The taskforce, which presented its summary to President William Ruto last week, has also recommended a slew of assessments designed to improve the quality of higher education in the country.

 


The second interim report, which concentrates on higher education and the changes that are required to make it stronger and more accessible, takes a comprehensive dive into this sector's finances in order to provide more context for its discussion.


The working group recommends that the tuition costs paid by government-sponsored students at Kenyan institutions be increased by a factor of three, from the existing level of Ksh. 16,000 each semester to Ksh. 52,000.


Although the taskforce is lobbying for the price hike, it is also urging the government to improve its support of education at the tertiary level, which, at the moment, falls short of the requirements set out by the institutions.


There will be a shortfall in funding for public institutions of around Ksh. 164 billion from the 2018–2019 academic year all the way through the 2022–2023 academic year.


The situation is somewhat better for private institutions, which suffered a budget shortfall of Ksh. 56.96 billion during the same time period.


The paper argues that the government should also wipe off the enormous debts that institutions owe to state authorities. These obligations presently total Ksh. 56.13 billion and include deductions for PAYE, pension, NHIF, and NSSF, amongst other things.


In addition to addressing concerns over finance, the study makes recommendations on how governance at universities might be strengthened. One of these recommendations is that the positions of chancellor that are vacant at 28 universities be addressed.


The group believes that the president should continue to be the authority in charge of choosing chancellors, but that the advice of the Cabinet Secretary for Education as well as the Senate of the institution should be solicited.
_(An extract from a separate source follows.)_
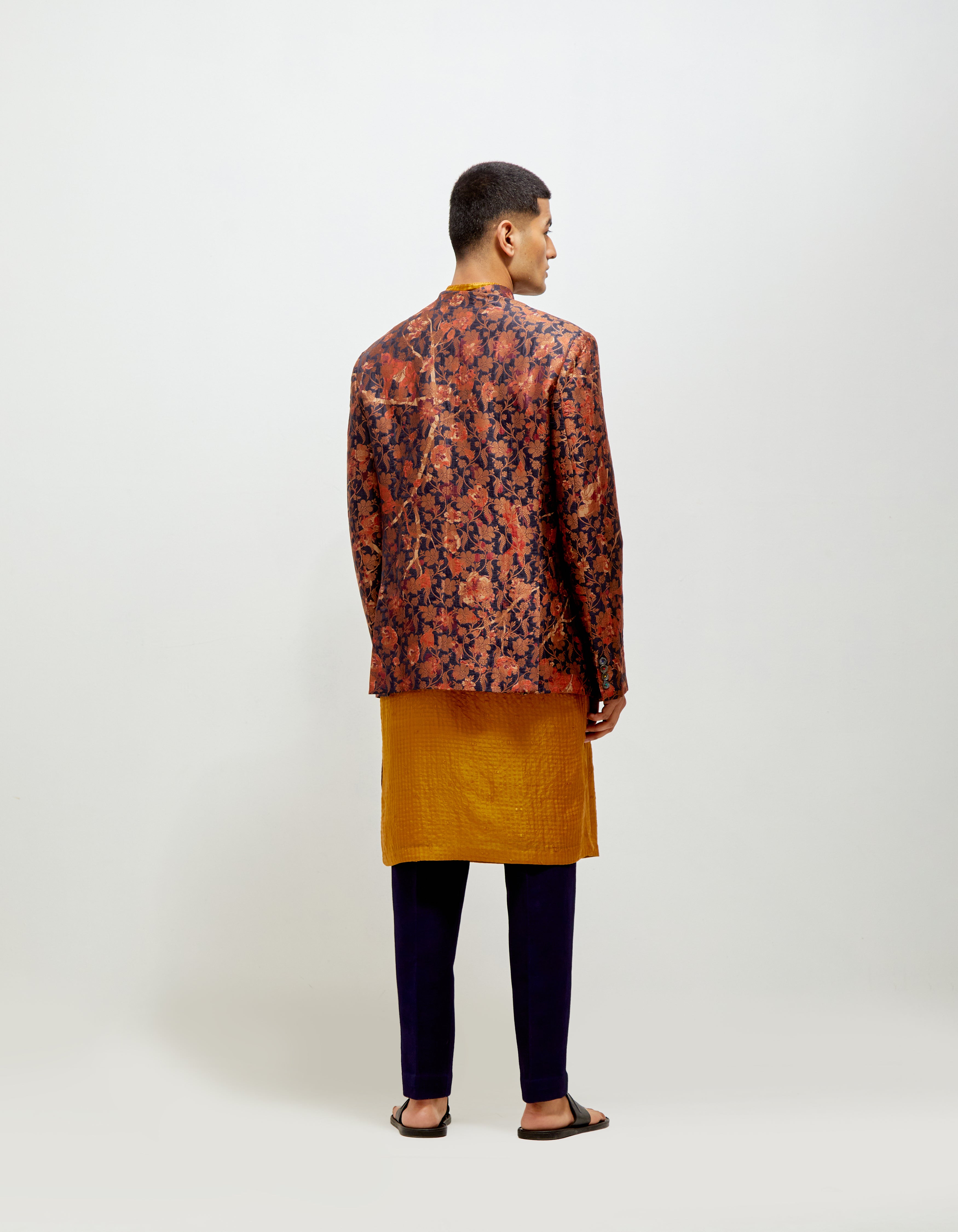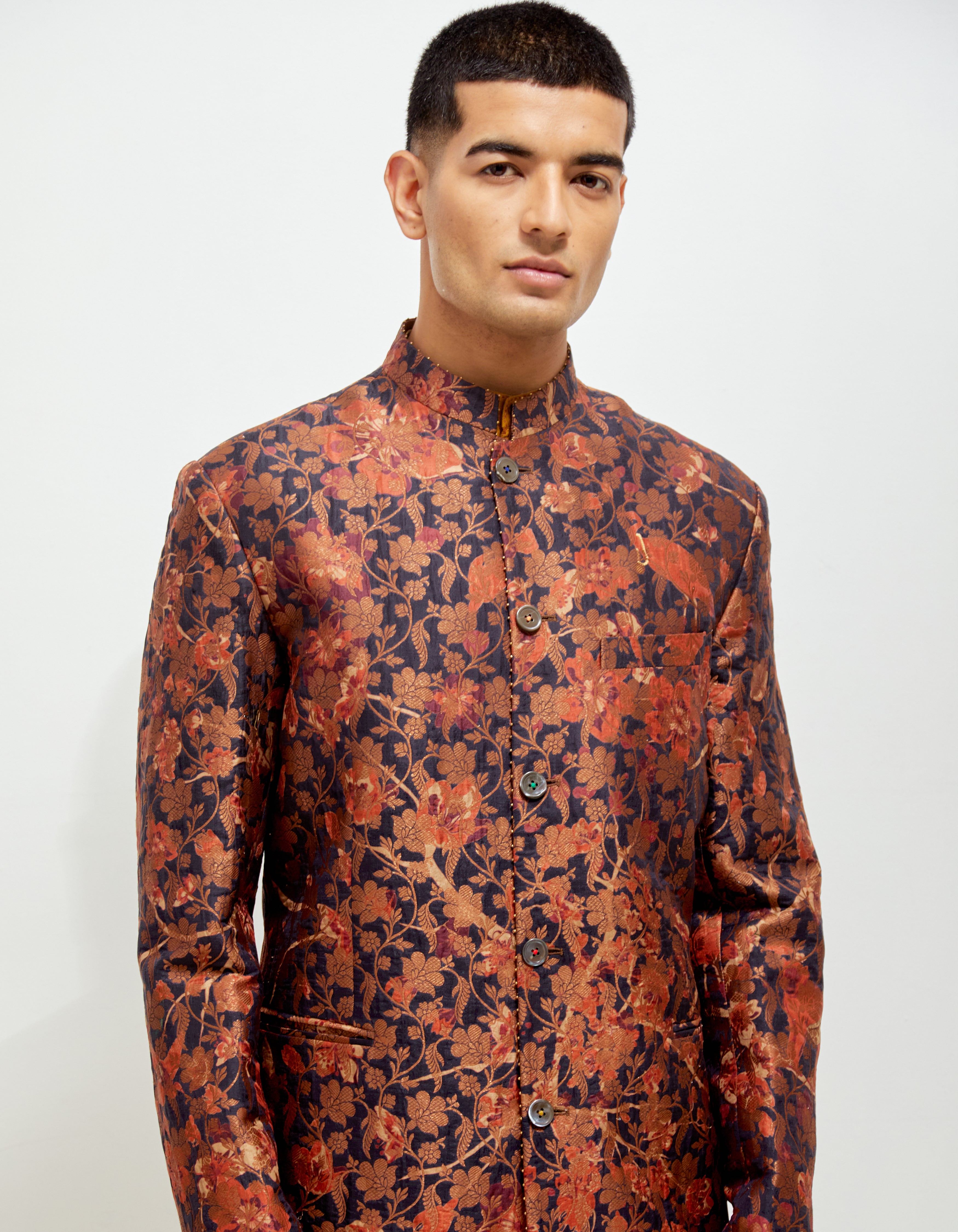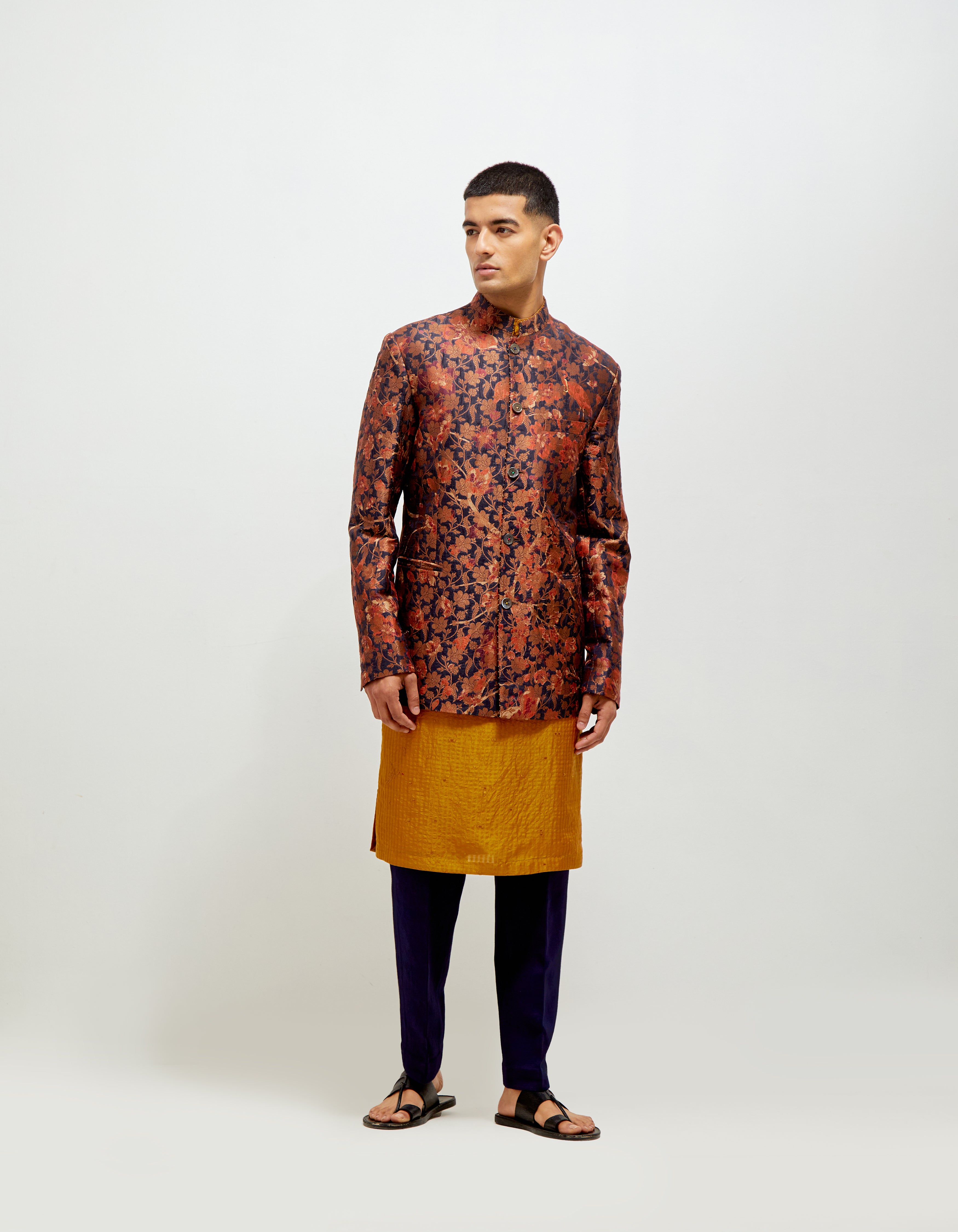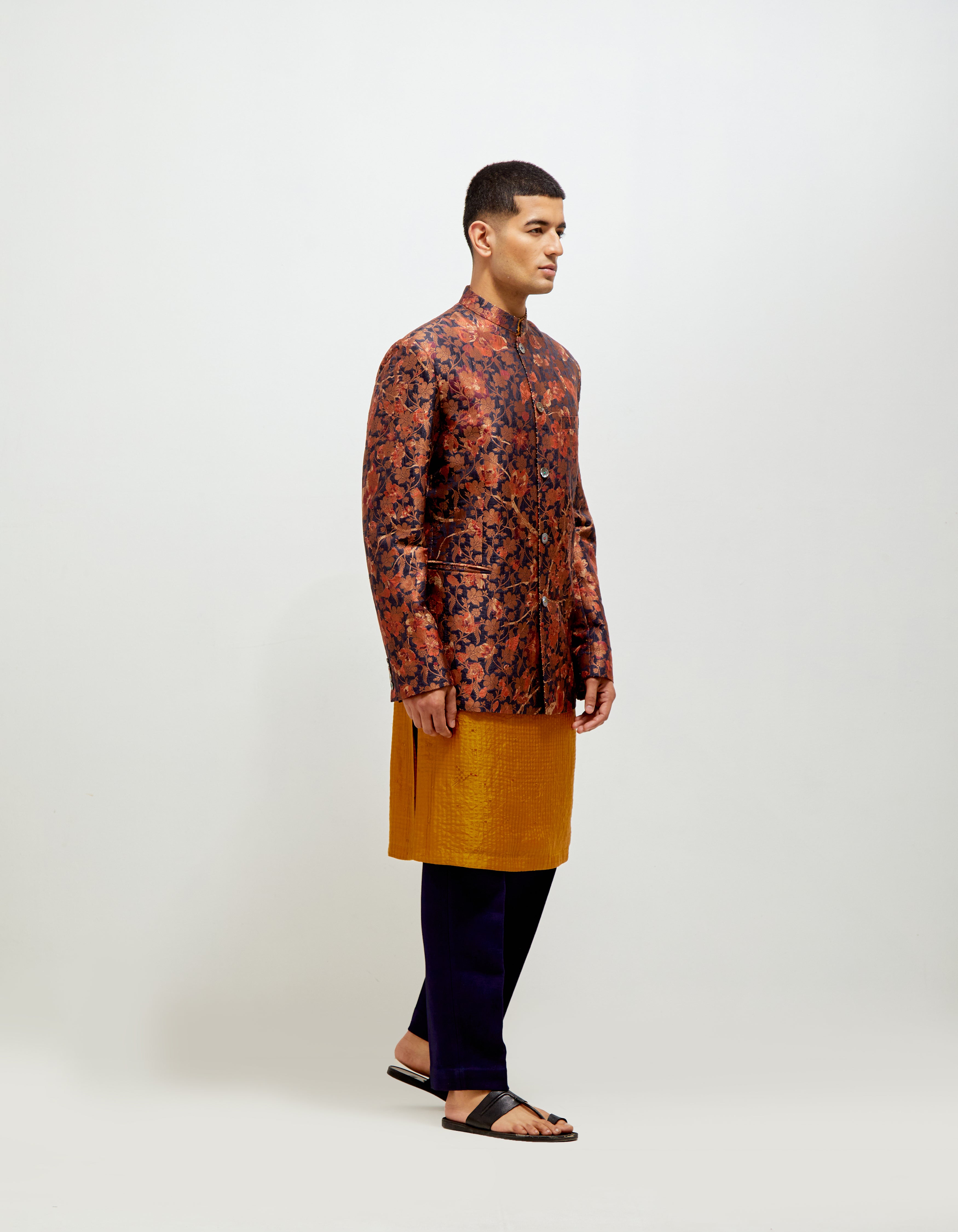 SD Forest Blossom Bandhgala Orange Navy Sik Brocade

In addition, it requests that the government work toward the goal of increasing the number of students enrolled in colleges that train teachers.


At the moment, enrollment in these colleges stands at a pitiful 14.7%, which is equivalent to 3,922 students enrolled across 34 institutions that have a capacity of 26,650 students.


In addition, the taskforce desires the government to increase the space available for technical and vocational training by establishing such institutes all over the country.


Specifically, they want there to be a National Polytechnic in every county, a Technical Vocational College in every constituency, and a Vocational Training Center in every ward of the country.


There has been no general reaction to the findings included in the study from either the President or the Ministry of Education.